- Input records

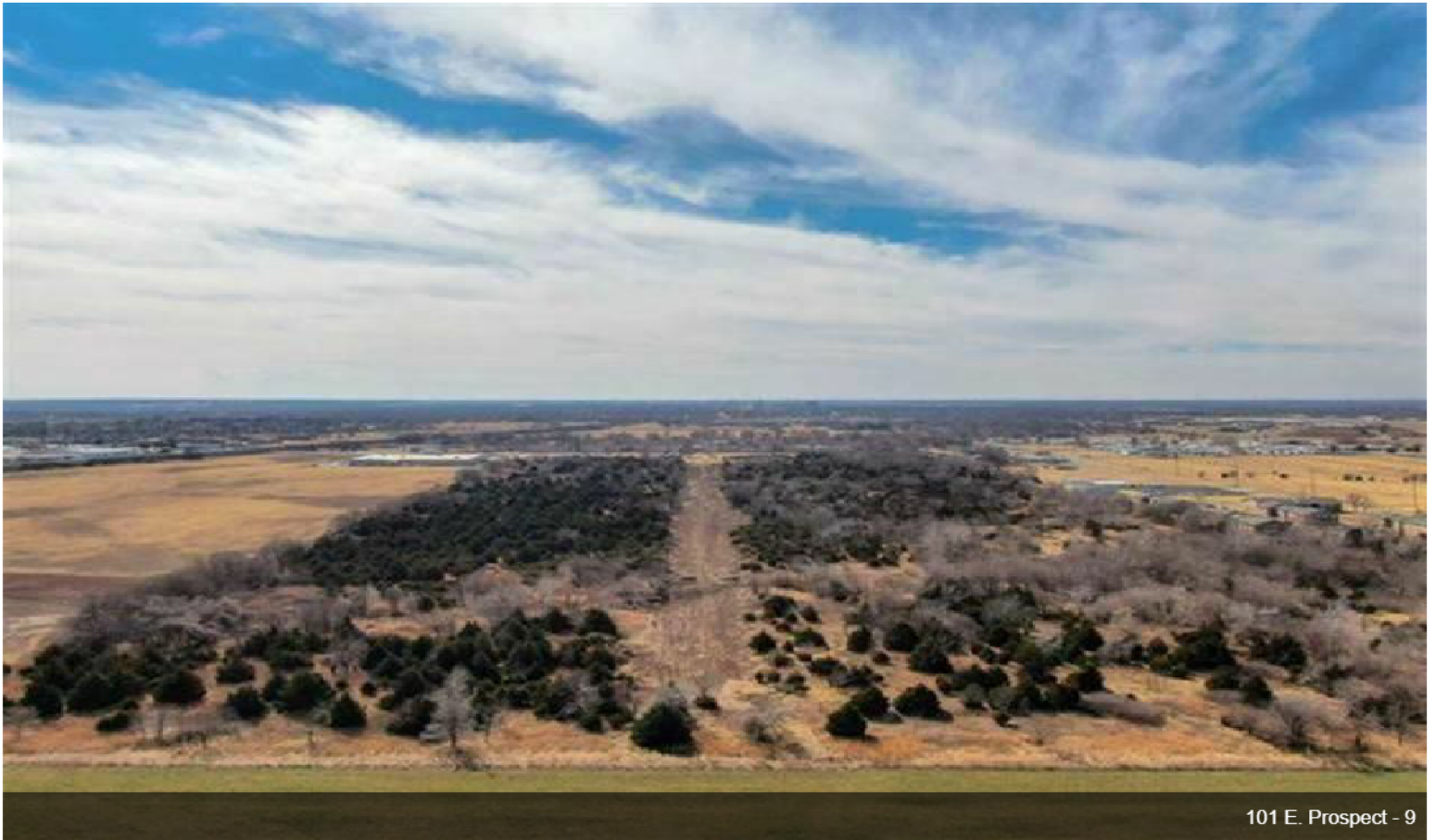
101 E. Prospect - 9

--

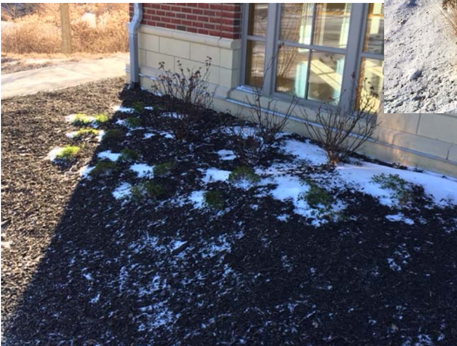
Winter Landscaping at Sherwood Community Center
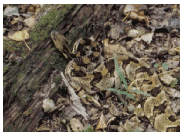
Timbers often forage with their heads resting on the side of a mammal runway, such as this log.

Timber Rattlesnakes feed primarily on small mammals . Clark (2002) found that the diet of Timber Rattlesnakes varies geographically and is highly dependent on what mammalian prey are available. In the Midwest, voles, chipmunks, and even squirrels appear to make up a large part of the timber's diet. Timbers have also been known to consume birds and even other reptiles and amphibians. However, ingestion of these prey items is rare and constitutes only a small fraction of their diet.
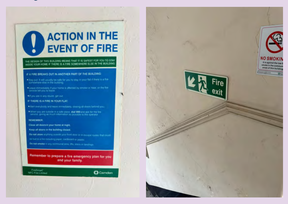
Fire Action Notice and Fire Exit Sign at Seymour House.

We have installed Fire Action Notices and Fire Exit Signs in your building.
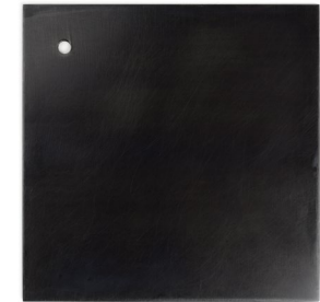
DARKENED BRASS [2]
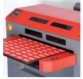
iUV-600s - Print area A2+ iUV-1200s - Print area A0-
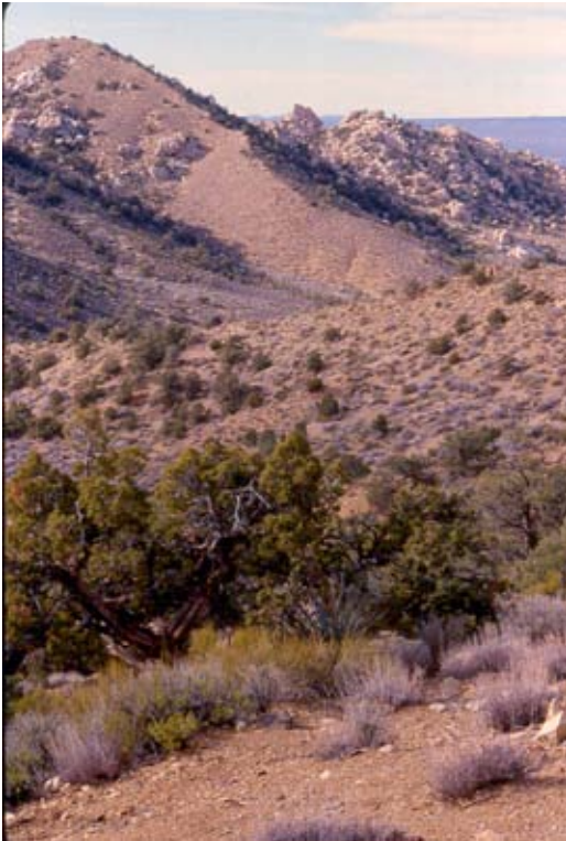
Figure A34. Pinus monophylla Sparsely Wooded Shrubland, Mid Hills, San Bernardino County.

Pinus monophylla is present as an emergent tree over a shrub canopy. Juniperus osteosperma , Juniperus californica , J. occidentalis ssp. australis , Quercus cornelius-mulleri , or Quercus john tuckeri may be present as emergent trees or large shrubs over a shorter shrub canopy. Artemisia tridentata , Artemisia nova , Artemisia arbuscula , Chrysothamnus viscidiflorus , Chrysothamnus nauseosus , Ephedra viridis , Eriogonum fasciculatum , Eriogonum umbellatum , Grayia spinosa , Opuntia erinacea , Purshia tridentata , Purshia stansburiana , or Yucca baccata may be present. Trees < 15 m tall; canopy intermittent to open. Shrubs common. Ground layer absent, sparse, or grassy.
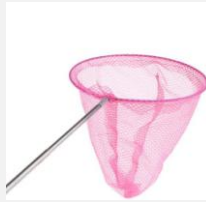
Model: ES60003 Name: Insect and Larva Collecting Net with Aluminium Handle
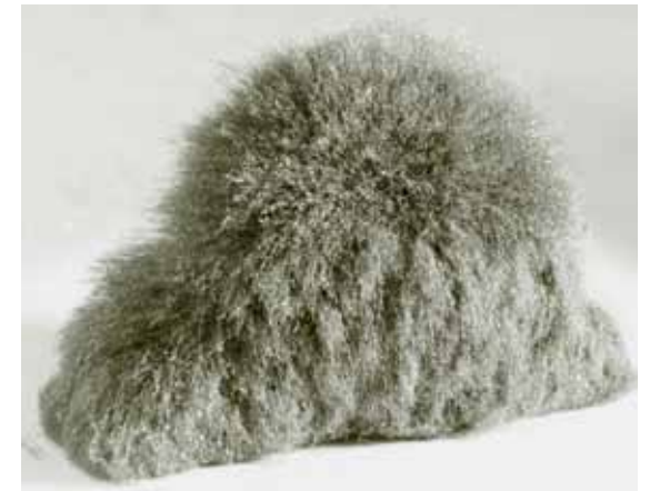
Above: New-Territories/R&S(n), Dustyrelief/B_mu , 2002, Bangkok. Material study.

- How to complete this task
Look back over the records above. Reproduce exactly everything from the line with "Winter Landscaping at" down to the line with "Timbers often forage", inclusive, and leave the pictures out.

- Reply to the task
Winter Landscaping at Sherwood Community Center
Timbers often forage with their heads resting on the side of a mammal runway, such as this log.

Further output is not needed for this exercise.